Guardsman spending Christmas in Kosovo

Sunday, December 16, 2001


It's been more than 14 days since Don Cobb has seen the sun and much longer since he's seen his family.

Cobb, Chaffee's police chief, has been on active duty with the National Guard since late August, assigned to peacekeeping during a cold, dark winter in Kosovo.

This is the second Christmas Teresa and Don Cobb have spent apart since they married in 1990.

He served as a paratrooper in the 101st Airborne during the Persian Gulf War, spending Christmas of 1991 sleeping on the ground in Saudi Arabia.

This year, he cut an evergreen branch and set it up as a Christmas tree in his barracks.

Appointed as police chief in Chaffee in August 2000, Cobb's National Guard unit began training for a possible Kosovo mission in early August this year.

When terrorists attacked the United States Sept. 11 and the president declared war on terrorism, Cobb knew he was headed overseas.

Speaking by telephone Saturday from Fort Bondsdale in southern Kosovo, Don Cobb said he's nearly halfway through a six-month tour of duty.

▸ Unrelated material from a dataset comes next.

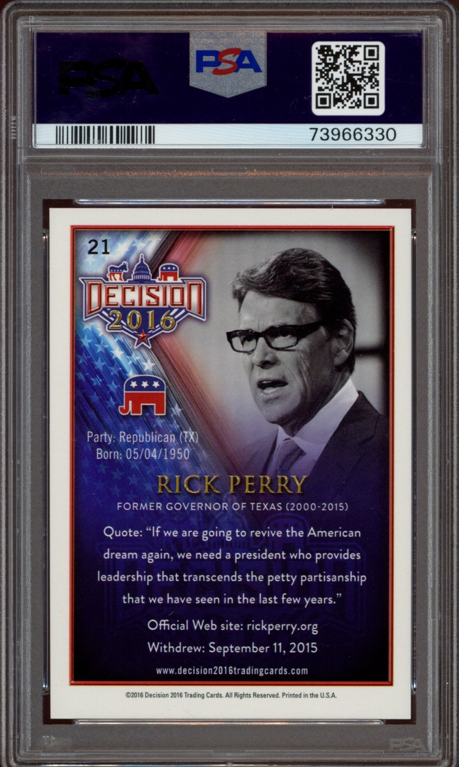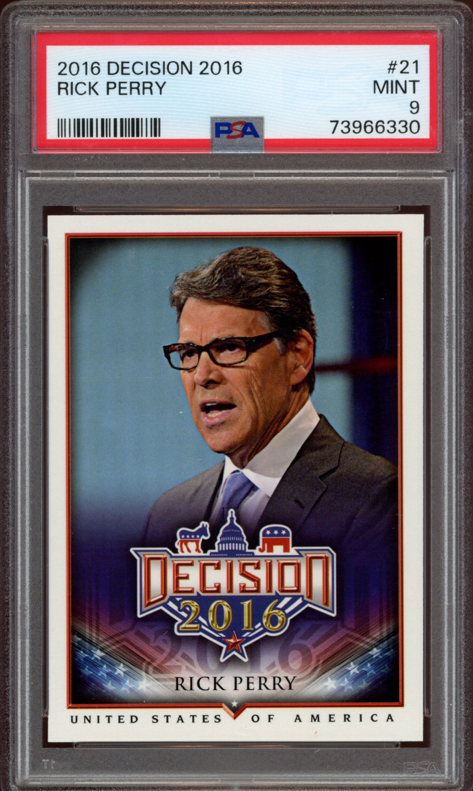 This Political card, from 2016 is part of the Leaf Decision card set. Rick Perry is featured and has a card number of 21. It is graded by PSA and has a numeric grade of 9.

"It's like we're working the world's largest domestic dispute," he said, referring to the long-standing feud between ethnic Albanians and Serbians.

"But at least now he gets a bed and a bath every day," Teresa Cobb said. "And I know he's coming home."

Cobb's been counting her blessings lately. At the top of the list is the couple's two sons, Joshua, 6, and Caleb, 3.

Saturday, Joshua was drawing pictures of a house surrounded by a green lawn and Easter eggs. His father is scheduled to come home in the spring.

Community support

Though her husband is missing Joshua's first year in kindergarten and the boys' first violin recital, Teresa says there's a great deal to be thankful for, including a large support group in the community -- headed by her parents, Larry and Stella Taylor, and Don's mother, Judy Cobb.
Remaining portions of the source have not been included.